Methods: Triplicate media cultures were inoculated with 10 colony-forming units (CFUs)/mL of C. albicans (American Type Culture Collection 10231), supplemented with amphotericin B (0-20 μg/mL), stored in cold conditions (2°C-8°C) for 72 hours, and analyzed quantitatively for CFUs. C. albicans concentration in each sample was determined initially and after 6, 24, 48, and 72 hours of storage. CEC mitochondrial function (oxygen consumption rate), apoptosis, and necrosis were examined in donor corneas after 7 days of amphotericin B exposure and compared with untreated controls. CEC viability was also examined by calcein-AM staining and Fiji segmentation after 72 hours or 2 weeks of amphotericin B exposure to mimic potential eye bank practices.

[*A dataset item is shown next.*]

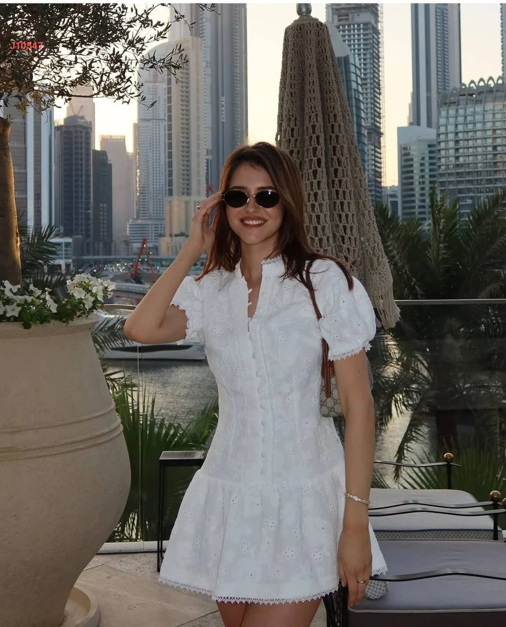 فستان قصير فوال مطرز بأزرار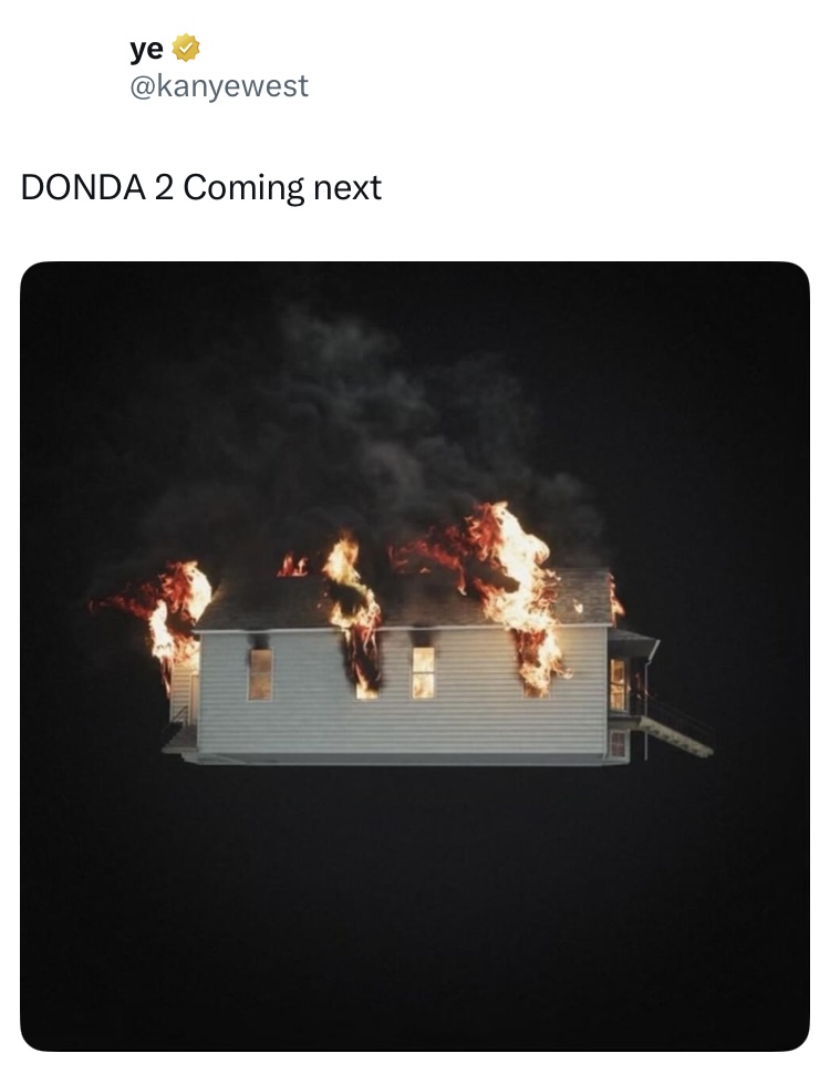 « Donda 2 venant ensuite », a-t-il écrit, se référant au projet depuis son départ qu'il a fait ses débuts en direct en 2022.

Results: Amphotericin B concentrations of 1.25, 2.5, and 5.0 μg/mL resulted in 0.47, 1.11, and 1.21 log10 CFU reduction after only 6 hours of cold storage and continued to decrease to 3.50, 3.86, and 4.49 log10 reductions after 72 hours, respectively. By contrast, amphotericin B 0.255 µg/mL showed only 1.01 log10 CFU reduction after 72 hours of incubation. CEC mitochondrial function and viability did not differ in donor corneas exposed to amphotericin B ≤2.59 μg/mL compared with the controls.
Conclusions: Optimal efficacy of amphotericin B against C. albicans is achieved in cold storage conditions at concentrations ≥1.25 μg/mL, and 2.5 μg/mL reduces Candida contamination by >90% after 6 hours of cold storage without sacrificing CEC health.